Leave the pictures out and write out the rest of the listing word for word.

## DATASET EXCERPT
··········

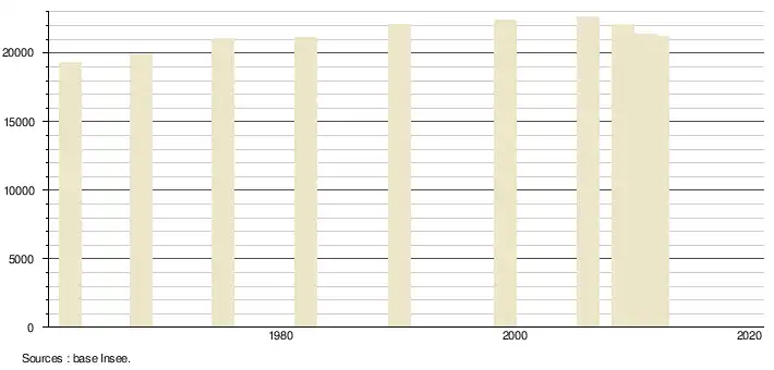 - Population municipale légale en vigueur au 1er janvier 2024, millésimée 2021, définie dans les limites territoriales en vigueur au 1er janvier 2023, date de référence statistique : 1er janvier 2021.
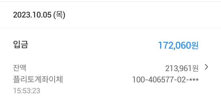 20만원을 송금 요청했더니 172,060원이 입금되었습니다.
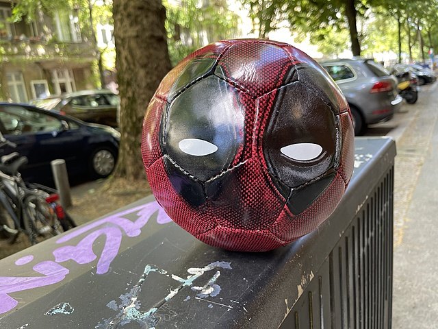 Ein richtiger, echter Ball zum Fußballspielen, ultra rar aus der Merch-Collektion von "Deadpool 2". Wurde seinerzeit nur an gaaanz spezielle Leute verteilt, um den Film zu promoten. Wild, ungezügelt und respektlos trifft das Teil immer ins Tor!

··········

## EXPECTED OUTPUT
 - Population municipale légale en vigueur au 1er janvier 2024, millésimée 2021, définie dans les limites territoriales en vigueur au 1er janvier 2023, date de référence statistique : 1er janvier 2021.
 20만원을 송금 요청했더니 172,060원이 입금되었습니다.
 Ein richtiger, echter Ball zum Fußballspielen, ultra rar aus der Merch-Collektion von "Deadpool 2". Wurde seinerzeit nur an gaaanz spezielle Leute verteilt, um den Film zu promoten. Wild, ungezügelt und respektlos trifft das Teil immer ins Tor!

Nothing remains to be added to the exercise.